# Bynum Progress



## Sean (Jun 7, 2002)

From Boqorka @ CL:



> Kupchak was on AM570, he says Bynum looks good, you wouldn’t even know he was injured. The swelling in his knee is way down. He’s working out in gym and looks to be on schedule.
> 
> Last night. Joe McDonnell show. He said Bynum is on schedule and looking great, still no prognosis on Ariza, he will be evaluated in a few weeks to see the progress.


----------



## Plastic Man (Nov 8, 2004)

This is great and encouraging news. I hope they both come back as planned (or possibly a bit sooner ), so the they also have time to gel with the newest acquisition.

I think Andrew should come out a lot stronger, considering he probably wasn't able to exercise his legs and I'm guessing upper-body workout is all he's doing right now. A couple pounds of added muscle wouldn't hurt his toughness.

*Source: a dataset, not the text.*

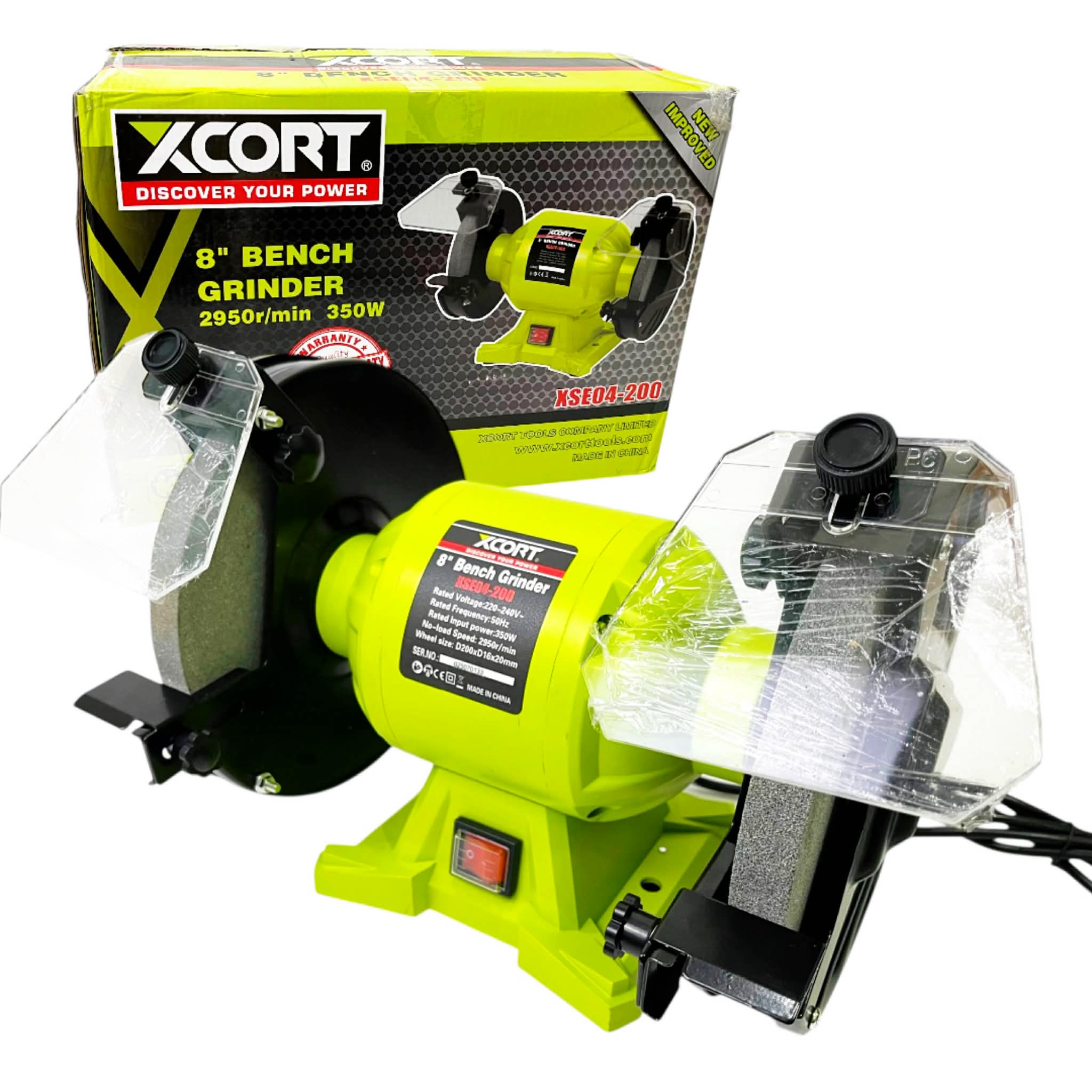 XCORT มอเตอร์หินเจียร์ไฟฟ้า 8 นิ้ว เครื่องเจียร์ แท่นหินเจียร์ไฟฟ้า กำลังไฟ 350 วัตต์ (รุ่นงานหนัก) สีเขียวดำ

Here's too a quick and thorough recovery.


----------



## Bartholomew Hunt (Mar 4, 2003)

Yes!!!


----------



## Basel (Mar 31, 2005)

Good news to hear.


----------



## TakaraJinRoh (Nov 27, 2007)

Definitely for me. I need Andrew back for my Fantasy!


----------



## Ghiman (May 19, 2003)

This is good news to hear...hope its true...better than hearing the rumor 
that he'll be out for the season.


----------



## koberules24 (Nov 12, 2006)

I'm not sure I buy it considering the reason the made the Gasol deal was that Bynum supposedly WAS NOT ON SCHEDULE. They said it was nothing the day it happened so it's a little hard to buy into anything, PARTICULARLY, Mitch Kupchak has to say. There's no need to rush him, let him rest for the postseason.


----------



## DANNY (Aug 9, 2005)

naw you really think mitch is going to pass up on gasol knowing that bynums making speedy progress?


----------



## elcap15 (Aug 8, 2006)

Good to hear. Hopefully he will come back from this injury stronger than he left


----------



## Bartholomew Hunt (Mar 4, 2003)

koberules24 said:


> I'm not sure I buy it considering the reason the made the Gasol deal was that Bynum supposedly WAS NOT ON SCHEDULE. They said it was nothing the day it happened so it's a little hard to buy into anything, PARTICULARLY, Mitch Kupchak has to say. There's no need to rush him, let him rest for the postseason.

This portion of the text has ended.